Although some of these studies discuss the influence of reagents on the carbonaceous matrix, further solid evidence is required to determine, where appropriate, the extent of dissolution of the matrix for those leachants that appear to be most favourable. When there is a reduction in the sample’s calorific value after demineralisation, this indicates that more organic material has been dissociated than inorganic and negates most intentions for creating UCC. Therefore any reagent exploiting this reaction should be well avoided.

Energy Requirements in Commercial Production

The general process for producing UCC is a viable energy option as it enables energy reuse in methods that require high temperatures. For example, in the process patented by Brooks et al (2004), where 250°C is required for the slurry, heat exchangers and pressure letdown vessels can be used to recycle the heat, which makes the principal UCC process an attractive option.

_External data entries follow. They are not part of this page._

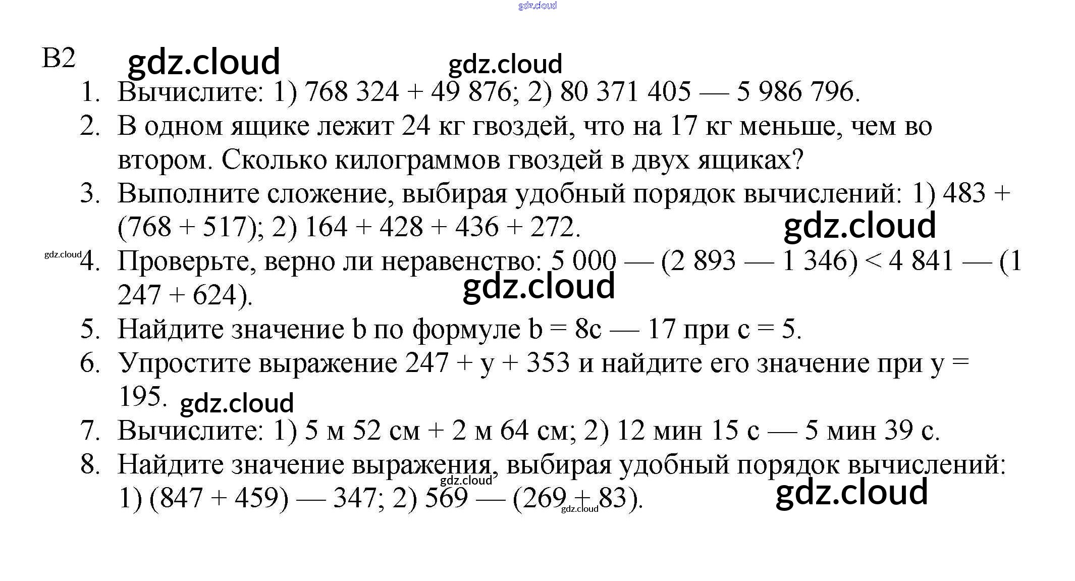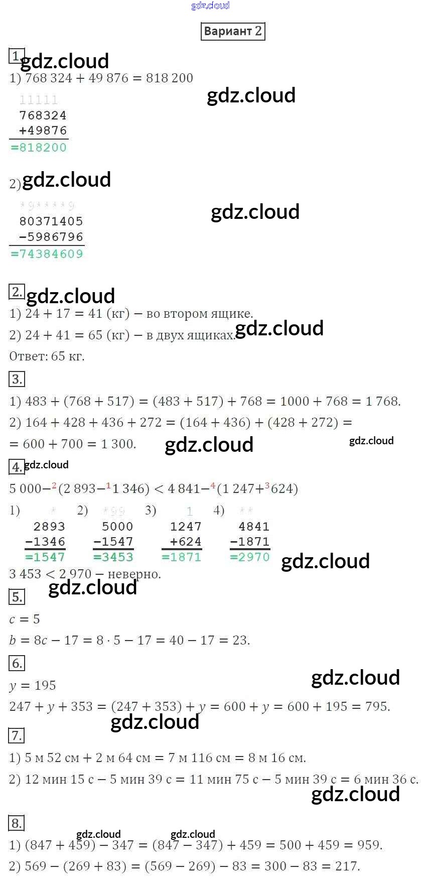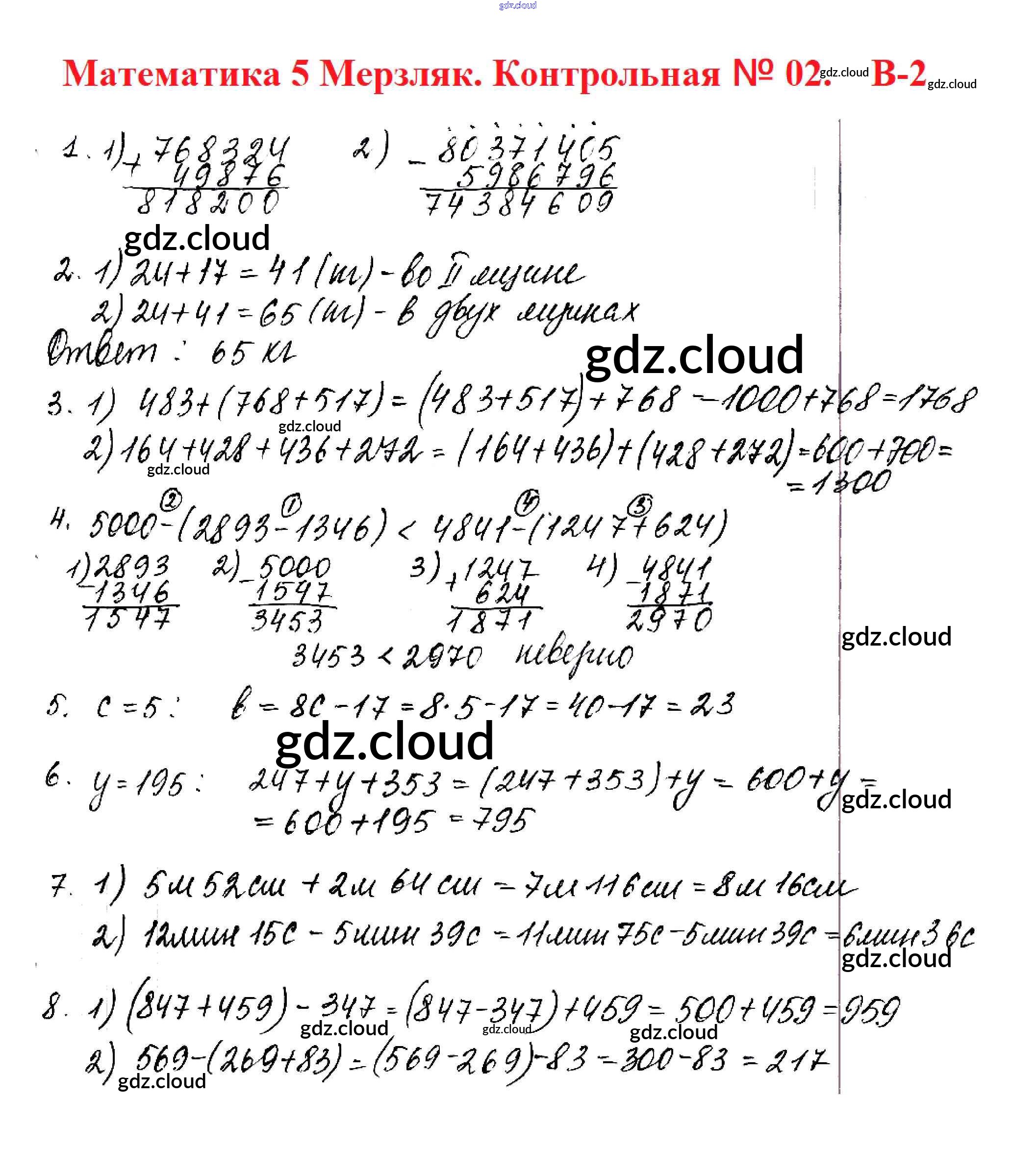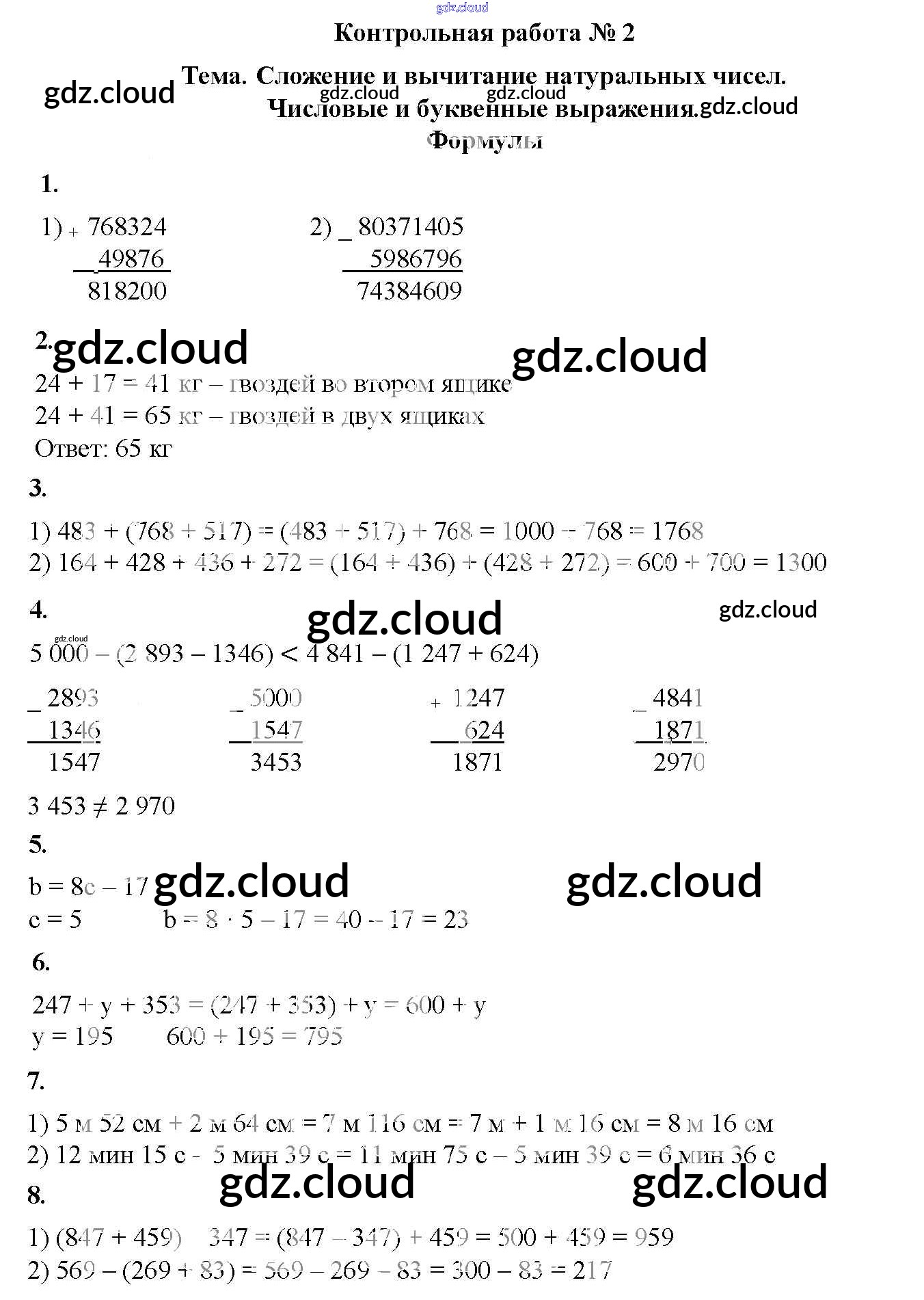 КР №2. Сложение и вычитание натуральных чисел. Числовые и буквенные выражения. Числа Ответы к контрольным работам по Математике 5 класс Дидактические материалы Мерзляк Алгоритм успеха Вентана-граф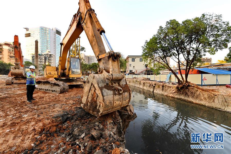 福建省福州市鼓台中心区水系综合治理点达道河河长温水林在指挥工人进行河道新建截污管的回填(2017年10月11日摄)。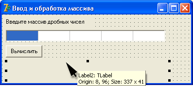 В качестве примера использования компонента StringGrid для ввода массива рассмотрим программу, которая вычисляет среднее арифметическое значение элементов массива. Диалоговое окно программы приведено на Рисунок 19.2 Компонент StringGrid используется для ввода массива, компоненты Label1 и Label2 — для вывода пояснительного текста и результата расчета, Buttoni — для запуска процесса расчета.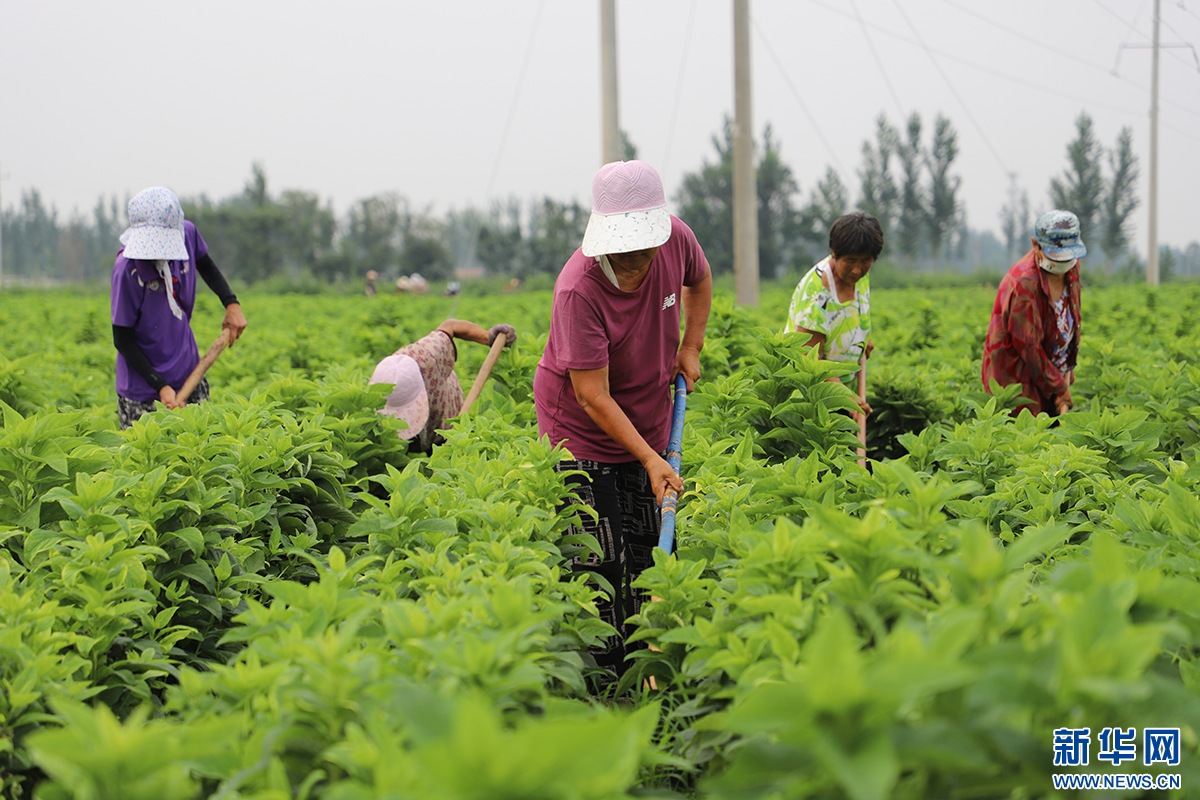 种植户在中草药种植基地除草。新华网发 马天龙 摄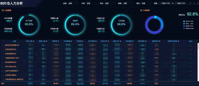 此次雙十一,科捷KingKooData人力用工管理系統根據銷量預測,精準的預安排了全國近三萬名臨時勞務的派工和管理。這是保障各倉高效發貨的關鍵舉措。系統將前臺供應商門戶與供應商管理系統進行對接,在中臺設置人力管理平臺,連接后臺核算管理系統,將大促的人力管理線上流程化,同時將用工申請、用工確認、對賬、報價、付款等各環節相互關聯,降低法務、財務風險。且倉內效能由系統進行統計與計算,降低了目前人工計算的錯誤率與統計工作量。每個倉庫的實時UPH進度和崗位人效一目了然,無需到現場既可運籌帷幄,實現了全國一盤棋。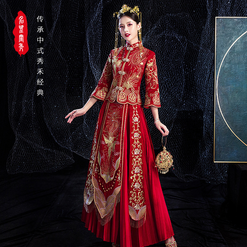 Gaun pengantin bersulang, Gaun kecil wanita hamil Tiongkok Musim Semi dan Gugur, Gaun Xiuhe pernikahan merah anggur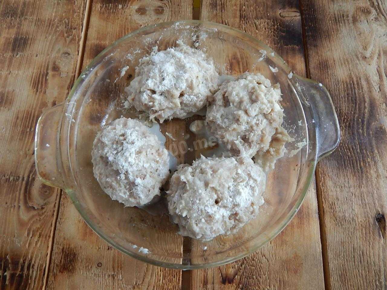 - В это время займитесь фаршем. Наберите в мисочку холодной (можно чуть тёплой) воды, чтобы постоянно смачивать ладошки, а рядом поставьте мелкую тарелку с панировкой.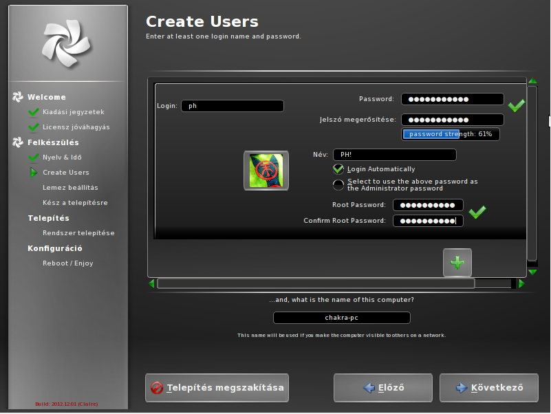 Következő lépésben a felhasználót, felhasználókat adhatjuk hozzá, választhatunk ikont magunknak, mutatja a jelszó erősségét és eldönthetjük, hogy legyen-e automatikus bejelentkezés vagy esetleg azonos jelszó a root felhasználónak.

Reagent Recycling Requirements in Commercial Production

UCC Energy regenerate and reconcentrate spent reagents in the Cessnock plant. Depending on the amount of wash water used, the energy required for reconcentrating can be extremely large, and may be more than what is required by the main process operations. Alternatives for reconcentration include evaporation by steam, which consumes a lot of energy, solar evaporation which demands a large surface area or possibly membrane technology.

Using UCC and Current Commercial Status

Without details published it is difficult to analyse and compare the statement made by UCC Energy claiming to have achieved positive results for trials directly firing UCC into gas turbines.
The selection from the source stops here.